Background: Faecal microbiota transplantation (FMT) is a highly effective treatment for Clostridioides difficile infection. Its use is backed by solid evidence, but application methods differ. Encapsulated FMT is a non-invasive, patient-friendly and scalable application method that may be preferred over colonoscopy or nasoduodenal tube application.

Objectives: We describe a detailed protocol, the Glyprotect protocol, for producing glycerol-based capsules to increase FMT accessibility.

Design: Using iterative quality improvement methods, we developed and validated the Glyprotect protocol as a reproducible protocol for cryopreserving minimally processed donor faeces in a standard hospital laboratory setting.

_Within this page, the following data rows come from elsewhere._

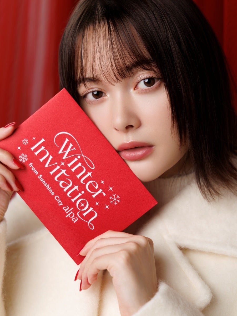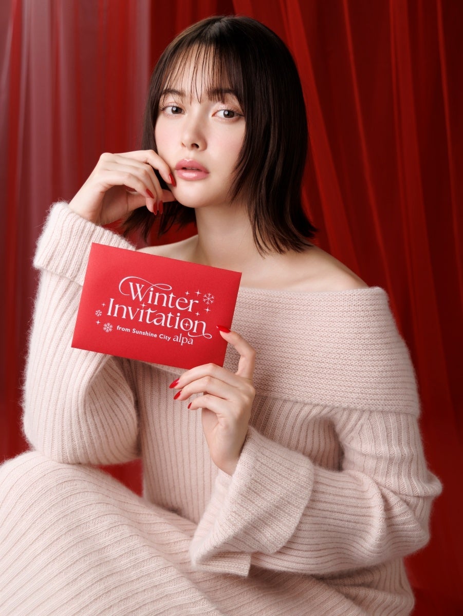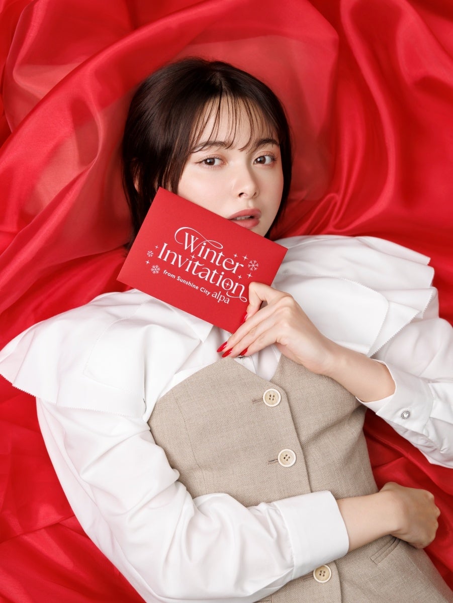 アルパのブランドカラーである赤を基調とした招待状をモチーフに、玉城さんが纏う「ちょっと背伸びした大人ガーリー」なスタイルとともに、この冬ならではのファッションの楽しみ方を提案します。
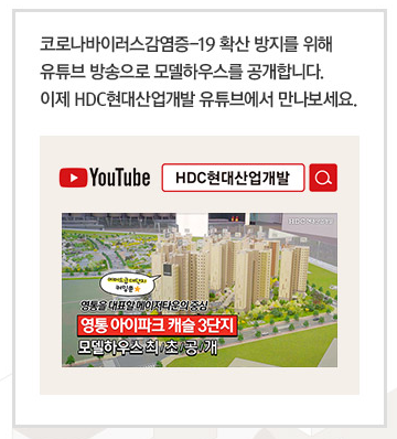 HDC현대산업개발과 롯데건설이 7월 사이버 견본주택을 통해 선보이는 '영통 아이파크 캐슬 3단지'는 주변으로 녹지공간이 풍부해 쾌적한 주거생활이 가능하다. 인근으로 글빛누리공원, 지성공원, 잠원공원 등 5만여㎡ 규모의 녹지공간이 조성돼 있으며 단지 옆 원천리천을 통해 신동수변공원까지 이어지는 산책로도 이용할 수 있다.
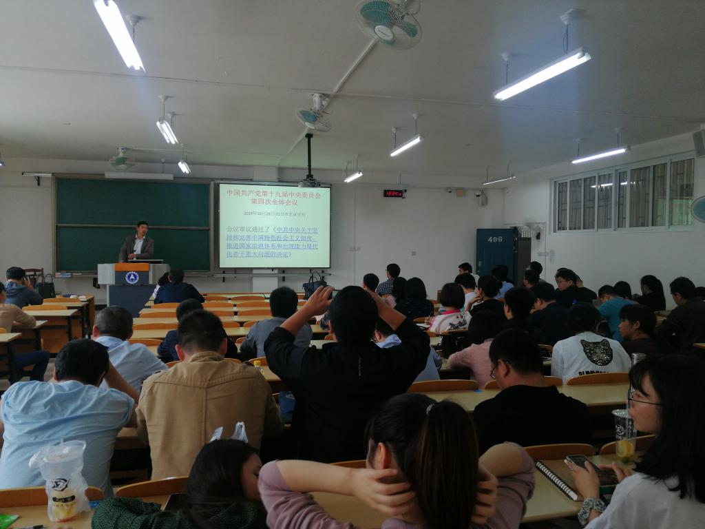 9月29日中午,按照学校党委学习部署,电子信息与自动化学院党总支在飞天楼406教室组织开展了党的十九届四中全会精神专题集体学习活动,学院全体教职工党员参加了学习活动。
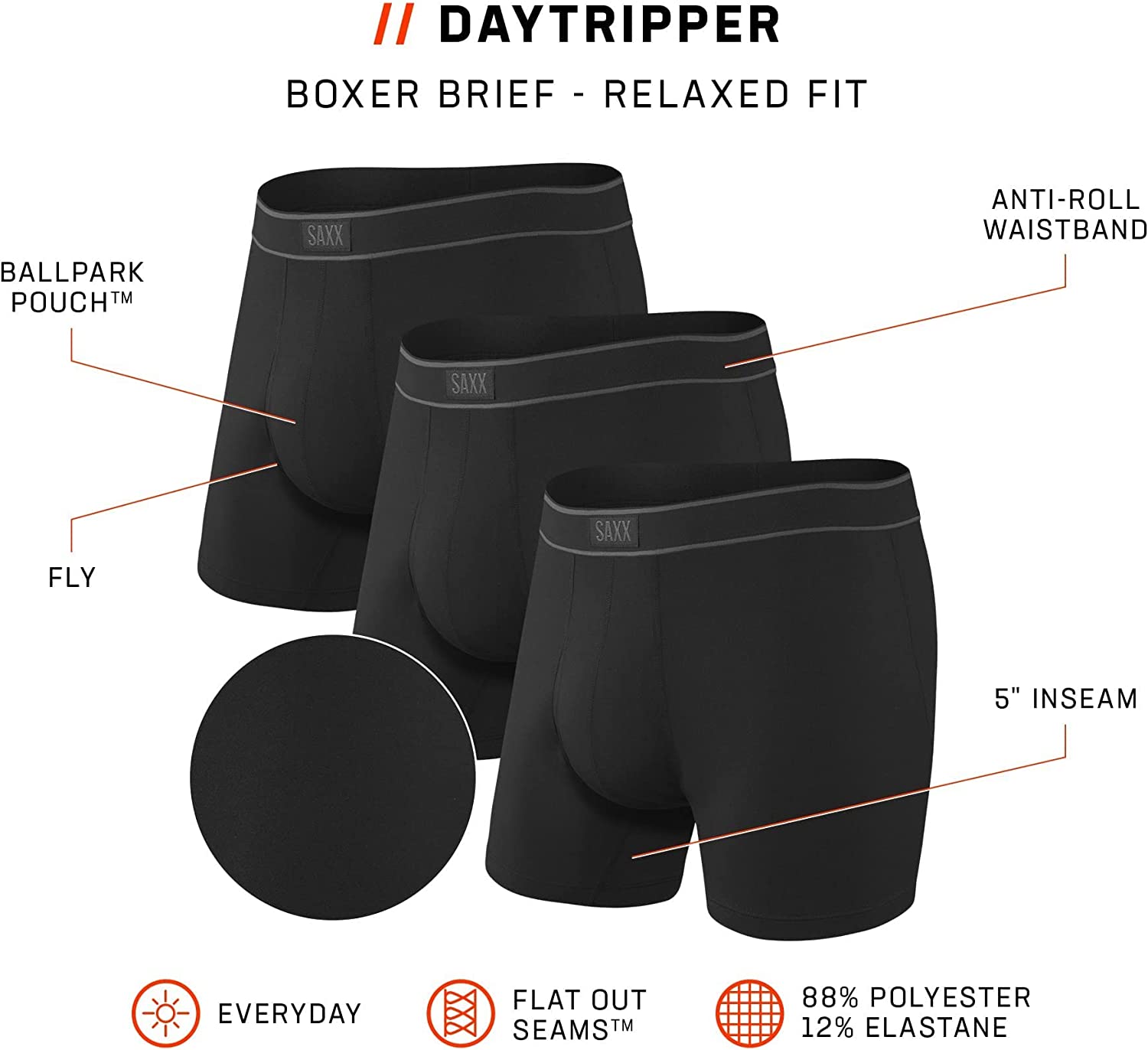 SAXX Men's Underwear - DAYTRIPPER Boxer Briefs with Built-In Pouch Support – Pack of 3, Underwear for Men
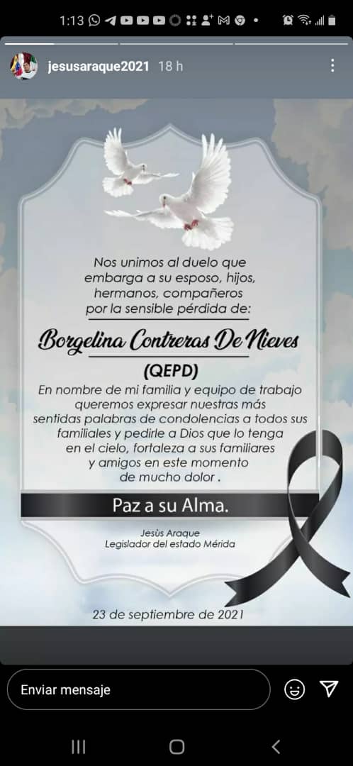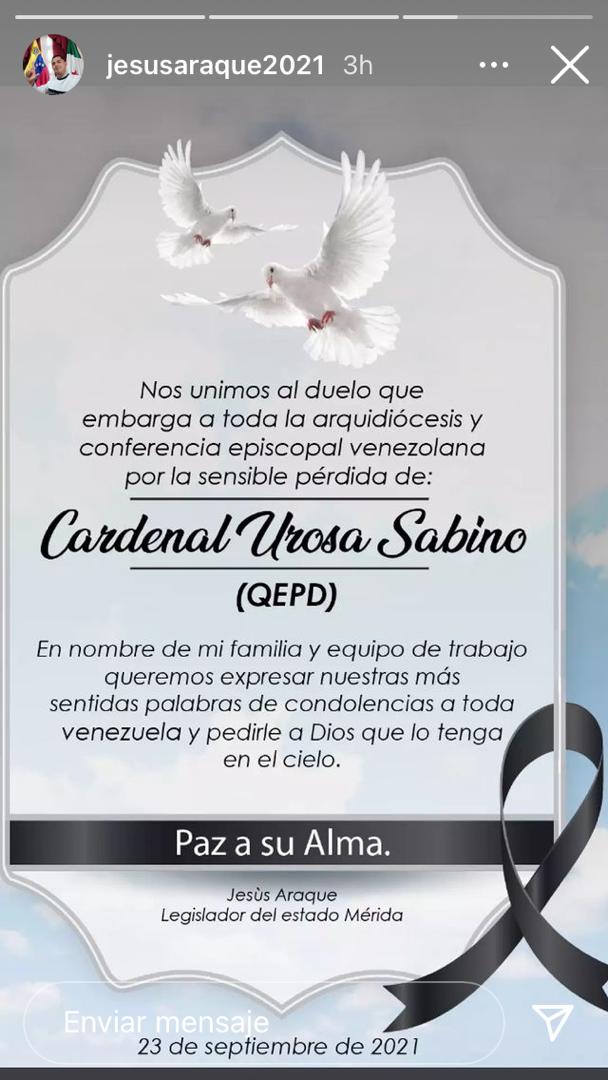 Anterior a este obituario para el cardenal Urosa, aparece en las historias de Instagram de la cuenta de Araque un obituario para la señora Borgelina Contreras en el cual se le da el pésame a su esposo e hijos, con la misma plantilla gráfica.
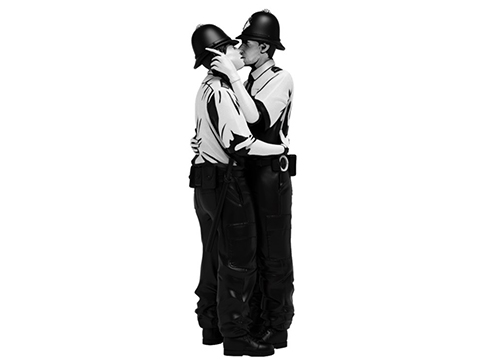 Kissing Coppers是一個Banksy模具,其中描繪了兩名英國警察在接吻。它最初於2004年在布萊頓的阿爾伯特親王王子酒吧的牆上揭幕,由於班克斯(Banksy)作為挑釁性的街頭藝術家和激進主義者而聲名狼藉,因此受到了廣泛關注。Kissing Coppers經常被視為Banksy最著名的作品之一,以至於在倫敦其他藝術博覽會上被選為最具標誌性的英國藝術品。
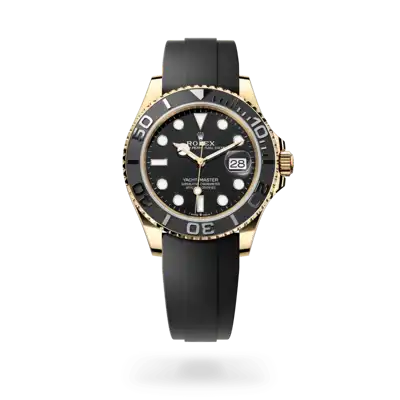 The Yacht-Master’s new Oysterflex bracelet, developed by Rolex and patented, offers a sporty alternative to metal bracelets. The bracelet attaches to the watch case and the Oysterlock safety clasp by a flexible titanium and nickel alloy metal blade. The blade is overmoulded with high-performance black elastomer which is particularly resistant to environmental effects, very durable and perfectly inert for the wearer of the watch. For enhanced comfort, the inside of the Oysterflex bracelet is equipped with a patented longitudinal cushion system that stabilizes the watch on the wrist and fitted with an 18 ct yellow gold Oysterlock safety clasp. It also features the Rolex Glidelock extension system, designed by the brand and patented. This inventive toothed mechanism, integrated beneath the clasp, allows fine adjustment of the bracelet length by some 15 mm in increments of approximately 2.5 mm, without the use of tools.
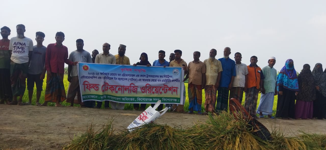 আমিনুল হক সাদী : কিশোরগঞ্জ সদরের মহিনন্দে কৃষকদের নিয়ে ফিল্ড টেকনোলজি ওরিয়েন্টেশন কর্মসূচি পালন করা হয়েছে। বৃহস্পতিবার বিকেলে উপজেলার সভাস্করখিলা মাঠে সদর উপজেলা কৃষি সম্প্রসারণ অধিদপ্তরের আয়োজনে ও প্রোগ্রাম অন এগ্রিকালচারাল এন্ড রুরাল ট্রান্সফরমেশন ফর নিউট্রিশন, এন্টারপ্রেনারশিপ এন্ড রেসিলিয়েন্স বাংলদেশ (পার্টনার) প্রকল্পের আওতায় এ ওরিয়েন্টেশন কর্মসূচি পালন করা হয়।
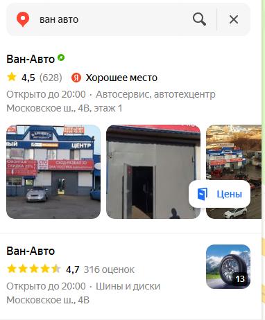 Представление на Яндекс Картах:
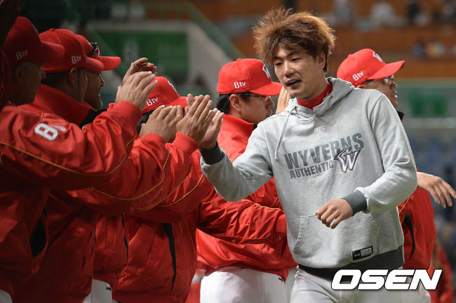 8일 오후 인천광역시 남구 인천SK행복드림구장에서 열린 '2015 타이어뱅크 KBO 리그' SK 와이번스와 삼성 라이온즈의 경기 종료 후 김광현이 동료들과 하이파이브를 하고 있다.

Methods: We describe detailed standard operating procedures for producing glycerol-based capsules, including all necessary materials and troubleshooting guidelines. Capsule integrity was tested at various temperatures and pH levels. Flow cytometry was used to measure microbiota counts and dose accuracy.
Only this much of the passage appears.